The meeting’s chairman, Conor O’Leary, summarised several views on this subject by stating that it would be preferable for Dairygold to backtrack and to reword the document to better reflect members’ views.

A show of hands showed overwhelming approval for a suggestion to redraft the MSA. A statement issued by the Co-Op on Thursday (see below) made it clear that it does not plan to backtrack.

A separate show of hands indicated that around 40% of members will have to buy a significant number of shares to match their milk supply. Due to the very different situations in which each farmer finds him/herself, the bulk of the advice at the Mallow meeting, from all sides of the debate, reminded farmers that they needed to study their own situation before deciding on the MSA.

Immediately following the meeting, ICMSA deputy president Pat McCormack praised event chairman Conor O’Leary for the way he controlled what could have been an explosive meeting, and for ensuring all of the major issues were aired. While the local Cork ICMSA has voiced concerns about the MSA contract, Mr McCormack is hopeful some resolution can be found.

“If there is room for all concerned to close the gap between them, I’d urge them to do so,” Pat McCormack said.

“I’d urge members to get involved, and to learn all they can from the one-to-one meetings with Dairygold.

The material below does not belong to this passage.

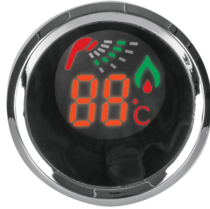
Display digital para indicar temperatura

“Originally, there was supposed to be a 2cpl penalty, which was like a red rag to a bull. Through lobbying and discussion, that was replaced with a 0.3cpl bonus from March 31. We feel that should be paid out in any case, based on the hardship farmers endured in 2012.

“As we approach 2015, there will inevitably be change, and there will be a level of exclusivity of supply required. I am hopeful that the Co-Op ethos will win out for the benefit of all members of Dairygold.”